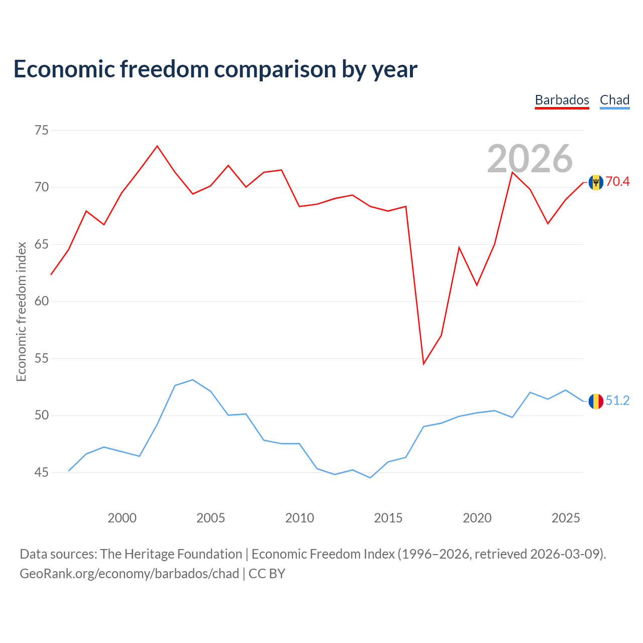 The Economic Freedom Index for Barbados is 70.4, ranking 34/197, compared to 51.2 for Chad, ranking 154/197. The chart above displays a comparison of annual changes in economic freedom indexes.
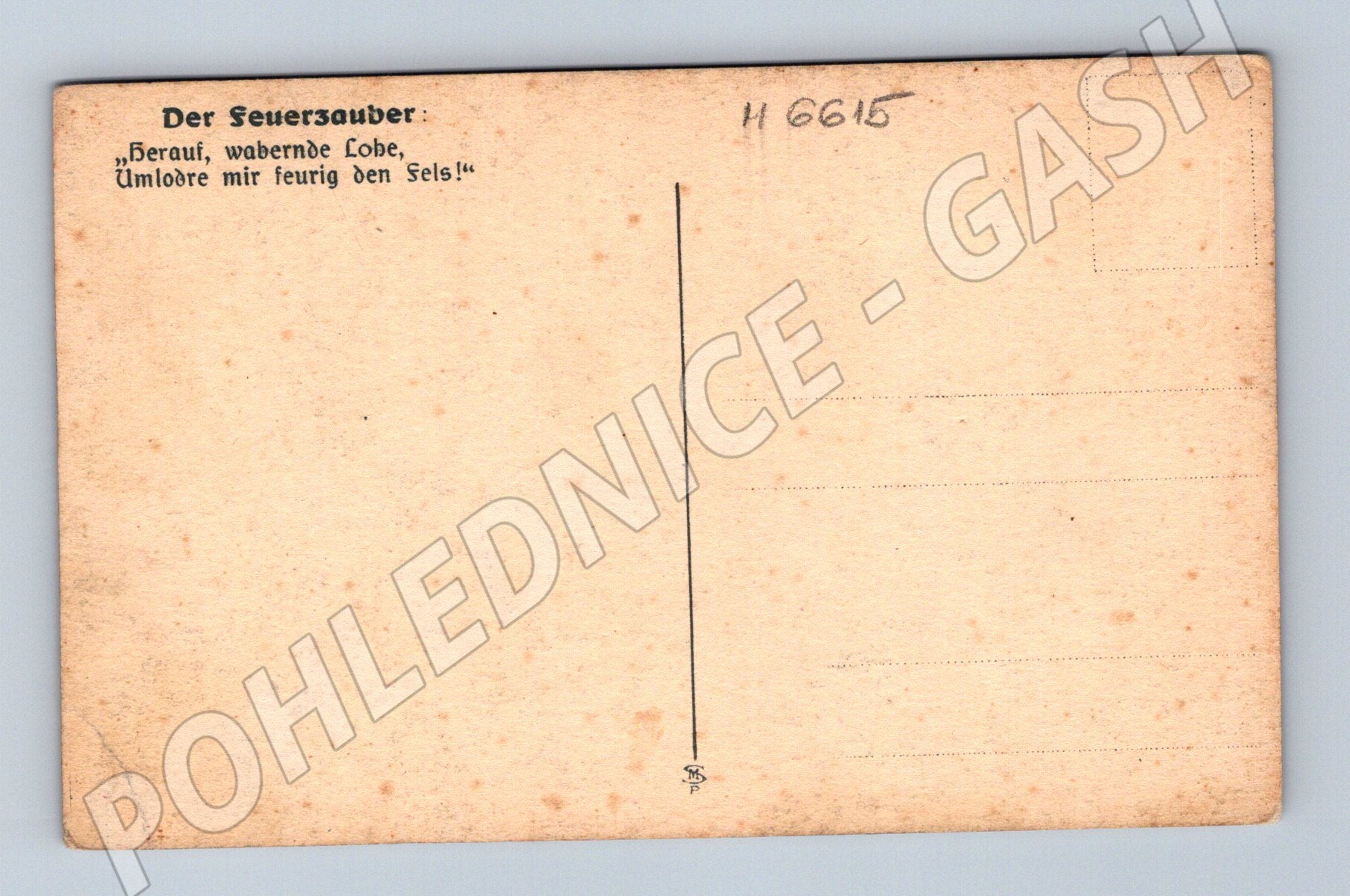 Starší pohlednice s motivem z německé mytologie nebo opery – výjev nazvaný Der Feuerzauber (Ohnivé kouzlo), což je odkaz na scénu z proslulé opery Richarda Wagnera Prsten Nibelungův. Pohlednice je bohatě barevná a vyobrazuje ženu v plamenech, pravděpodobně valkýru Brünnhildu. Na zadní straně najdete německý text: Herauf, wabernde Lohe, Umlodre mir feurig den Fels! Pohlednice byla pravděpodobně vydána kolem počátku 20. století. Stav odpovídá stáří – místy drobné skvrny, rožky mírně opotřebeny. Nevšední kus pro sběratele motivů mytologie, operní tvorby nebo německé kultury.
########
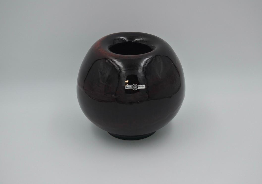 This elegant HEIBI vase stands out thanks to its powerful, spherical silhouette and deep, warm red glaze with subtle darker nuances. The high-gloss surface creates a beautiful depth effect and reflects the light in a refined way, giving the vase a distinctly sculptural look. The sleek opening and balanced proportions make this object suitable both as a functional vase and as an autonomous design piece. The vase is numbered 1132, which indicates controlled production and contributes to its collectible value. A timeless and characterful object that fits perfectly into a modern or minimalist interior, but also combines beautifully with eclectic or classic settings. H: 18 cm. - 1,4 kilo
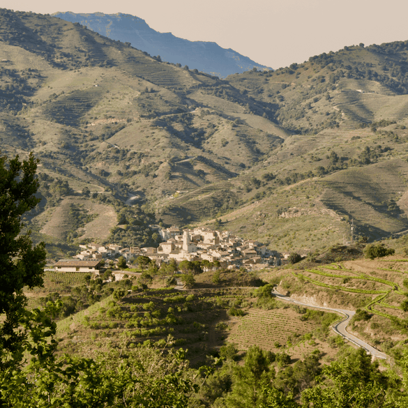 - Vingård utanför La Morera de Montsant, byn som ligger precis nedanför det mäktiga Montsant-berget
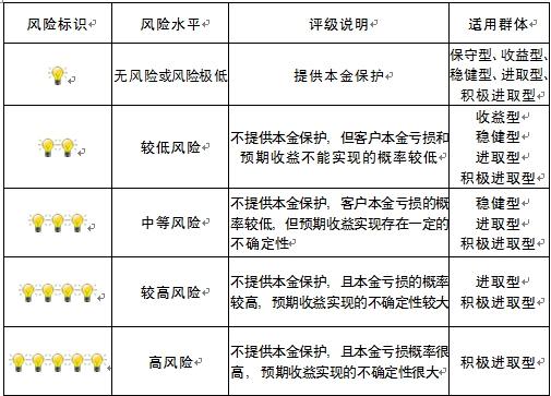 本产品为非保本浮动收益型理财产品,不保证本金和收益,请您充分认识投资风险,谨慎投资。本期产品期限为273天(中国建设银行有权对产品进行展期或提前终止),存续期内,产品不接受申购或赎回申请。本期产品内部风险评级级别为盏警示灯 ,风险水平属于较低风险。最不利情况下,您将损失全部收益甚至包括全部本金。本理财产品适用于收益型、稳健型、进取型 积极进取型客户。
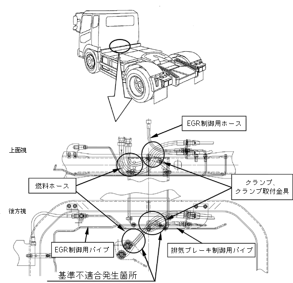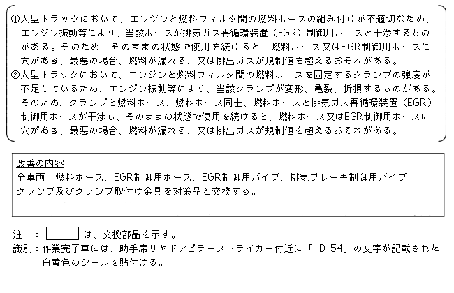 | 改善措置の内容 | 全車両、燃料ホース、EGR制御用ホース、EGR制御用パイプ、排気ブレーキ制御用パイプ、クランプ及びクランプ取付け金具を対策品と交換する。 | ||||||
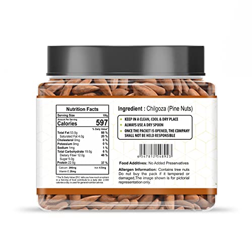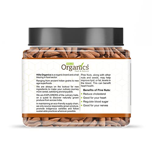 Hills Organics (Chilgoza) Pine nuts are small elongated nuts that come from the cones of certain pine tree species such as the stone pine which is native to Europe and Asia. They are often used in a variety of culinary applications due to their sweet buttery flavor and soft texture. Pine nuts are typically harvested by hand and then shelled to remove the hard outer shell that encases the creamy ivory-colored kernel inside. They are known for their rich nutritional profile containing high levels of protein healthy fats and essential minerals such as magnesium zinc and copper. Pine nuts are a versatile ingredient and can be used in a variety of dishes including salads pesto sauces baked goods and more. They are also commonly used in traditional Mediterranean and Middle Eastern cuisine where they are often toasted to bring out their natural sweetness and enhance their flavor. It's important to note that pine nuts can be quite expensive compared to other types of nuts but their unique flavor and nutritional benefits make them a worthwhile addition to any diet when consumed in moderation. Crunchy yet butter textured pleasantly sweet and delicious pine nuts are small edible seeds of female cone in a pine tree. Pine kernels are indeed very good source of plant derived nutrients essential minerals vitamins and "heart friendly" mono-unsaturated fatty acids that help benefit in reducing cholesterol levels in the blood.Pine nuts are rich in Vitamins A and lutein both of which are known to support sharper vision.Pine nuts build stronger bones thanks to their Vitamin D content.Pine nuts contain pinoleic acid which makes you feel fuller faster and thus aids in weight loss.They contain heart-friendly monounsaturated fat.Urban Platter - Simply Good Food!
########
■ **Task statement**
Your answer should be the exact lines above from the one containing "The Economic Freedom" through the one containing "Starší pohlednice s", with both end lines kept and the pictures removed, please.

■ **Response box**
 The Economic Freedom Index for Barbados is 70.4, ranking 34/197, compared to 51.2 for Chad, ranking 154/197. The chart above displays a comparison of annual changes in economic freedom indexes.
 Starší pohlednice s motivem z německé mytologie nebo opery – výjev nazvaný Der Feuerzauber (Ohnivé kouzlo), což je odkaz na scénu z proslulé opery Richarda Wagnera Prsten Nibelungův. Pohlednice je bohatě barevná a vyobrazuje ženu v plamenech, pravděpodobně valkýru Brünnhildu. Na zadní straně najdete německý text: Herauf, wabernde Lohe, Umlodre mir feurig den Fels! Pohlednice byla pravděpodobně vydána kolem počátku 20. století. Stav odpovídá stáří – místy drobné skvrny, rožky mírně opotřebeny. Nevšední kus pro sběratele motivů mytologie, operní tvorby nebo německé kultury.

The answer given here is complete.